Experiment Two
Given that the top-down effects of crayfish were so strong, essentially
eliminating juvenile snails, we were concerned that the top-down effects
of crayfish were masking any positive effects of herbicides on snail
production and schistosomiasis risk. Consequently, we conducted a
follow-up experiment where we crossed the same herbicide exposures with
the presence and absence of crayfish. However, using five crayfish led
to complete depredation of snails in the predator tanks, reducing our
number of tanks with live snails in half (n = 32). Subsequently,
we found that little variance in Bi. glabrata biomass was
explained by treatment (Table S4), and likelihood ratio tests did not
detect significant herbicide effects in our nested models (Table S5). An
interaction term between crayfish presence and herbicide type for
infected, uninfected, and total Bi. glabrata biomass, after model
selection (Tables S11-S13), showed no significant interaction between
crayfish presence/absence and herbicides (Table 2).

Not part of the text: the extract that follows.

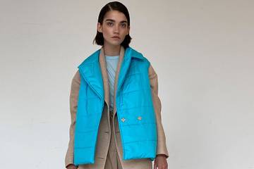 В коллекцию вошли плащи жемчужных оттенков и пальто, удлиненное стеганое и модель-трансформер с функциональными лямками, благодаря которым пальто можно носить как рюкзак. Тонкие утепленные жилеты контрастных оттенков - неоновый голубой и насыщенный синий - можно надевать под пальто и поверх него, создавая новые комбинации.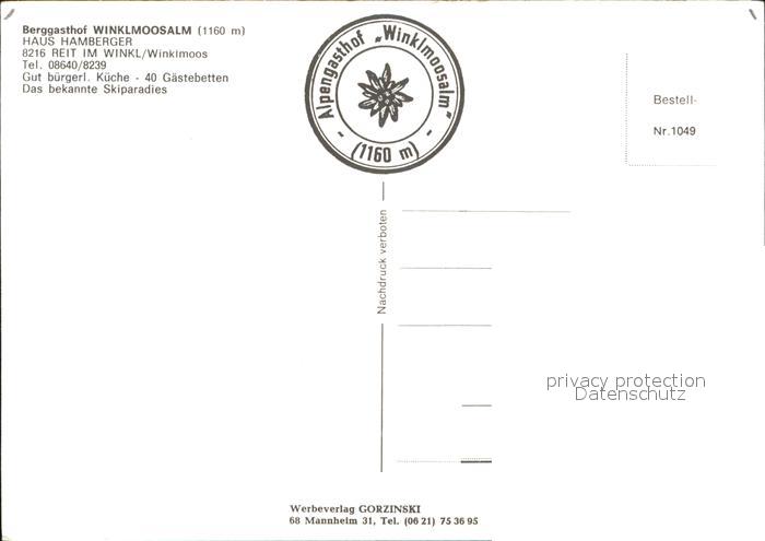 72567013 Reit Winkl Winklmoos-Alm postalisch nicht gelaufen Erhaltung siehe scans [LiesaD40] KatCode: 11110009189139

Focusing on tanks
without crayfish predators, the herbicides atrazine and acetochlor were
associated with increases in the average biomass of infected snails (55
%) and total snails (131 %), respectively (Table S13; Fig. 3a,3c). In
contrast, the herbicide alachlor was associated with a decrease in
uninfected snail biomass (126%) in tanks without predators (Table S14;
Fig. 3b). A Pearson’s correlation between snail biomass and infected
snail biomass suggested a significant positive association (rho =
0.67, t30 =4.96, p < 0.001; Fig.
1c). Moreover, infected snail biomass was a significant positive
predictor of total cercariae in tanks (Fig. 1d).